5 KESALAHAN BERULANG YANG FATAL YANG HARUS DIHINDARI RITEL ANDA

Industri ritel selalu kompetitif, tetapi beberapa tahun terakhir lebih menantang dari sebelumnya.
Kebiasaan belanja masyarakat telah berkembang secara dramatis dan ekspektasi konsumen terus meningkat. Sementara itu, margin keuntungan ritel menyusut. Lebih buruk lagi, COVID-19 menyebabkan sejumlah tantangan baru dan gangguan — beberapa di antaranya masih berjuang untuk pulih dari industri.
Dengan demikian, setiap pengecer perlu menyadari strategi yang tepat agar benar-benar sukses dalam lanskap saat ini.
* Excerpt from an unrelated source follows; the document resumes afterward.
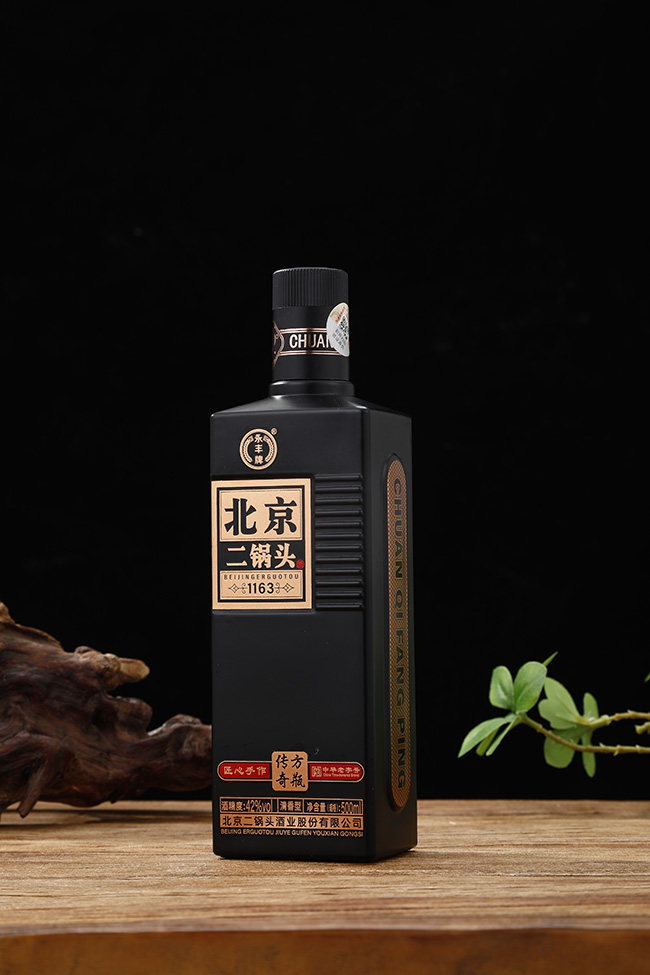 北京二鍋頭酒業股份有限公司,傳承老北京二鍋頭傳統釀造技藝,產品選用優質高粱為原料,以麩曲為糖化發酵劑,采用老五甑發酵法、混蒸混燒、看花接酒、掐頭去尾,長期儲存、精工勾兌而成。

Untuk melakukan itu, Anda harus terlebih dahulu memastikan bahwa Anda menghindari beberapa jebakan umum yang banyak dialami oleh industri ini.
Artikel ini membahas beberapa kesalahan paling umum dalam ritel yang harus Anda hindari untuk meningkatkan umur panjang dan profitabilitas. Mari lihat.
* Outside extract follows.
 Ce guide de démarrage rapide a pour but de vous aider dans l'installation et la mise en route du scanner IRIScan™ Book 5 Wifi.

1. MELAKUKAN SEMUANYA SECARA MANUAL
Mengelola bisnis ritel memiliki sejumlah bagian dan proses yang bergerak yang beroperasi secara bersamaan. Oleh karena itu, manajemen waktu adalah keterampilan penting yang harus dimiliki setiap pengecer agar berhasil.
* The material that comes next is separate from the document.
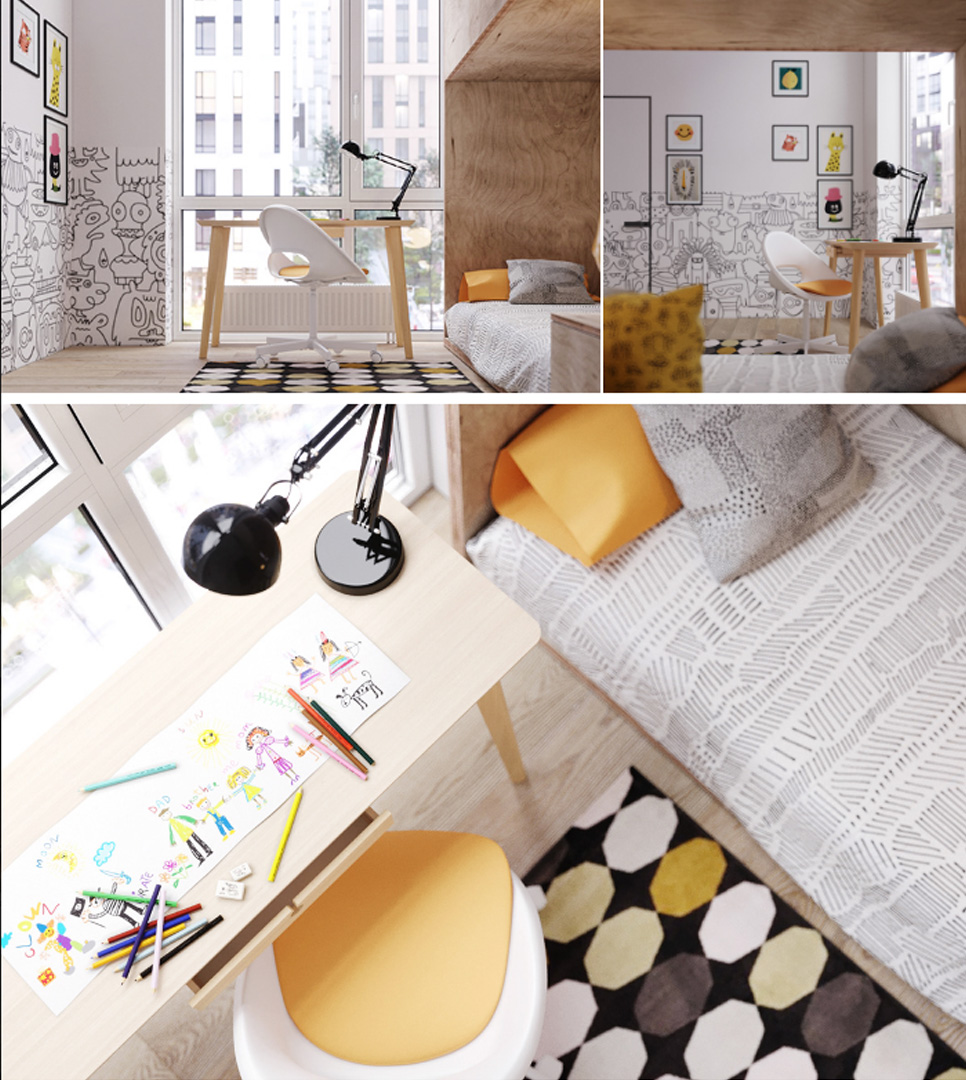 Với diện tích chỉ khoảng 42m2 với 1 phòng ngủ cùng các không gian sinh hoạt khác đáp ứng đầy đủ nhu cầu của một gia đình có con nhỏ. Đây là thiết kế mẫu nội thất chung cư dành cho vợ chồng trẻ “trong mơ”.

Sayangnya, banyak pengecer terpaksa melakukan sesuatu secara manual — yang merupakan cara pasti untuk menghancurkan diri sendiri. Di sinilah otomatisasi bisa membantu.
Sebagai pemilik atau manajer toko ritel, Anda perlu mengadopsi teknologi dan sistem yang dapat membantu Anda merampingkan proses, meningkatkan efisiensi, mengurangi kesalahan, dan manfaatkan waktu yang tersedia dengan sebaik-baiknya.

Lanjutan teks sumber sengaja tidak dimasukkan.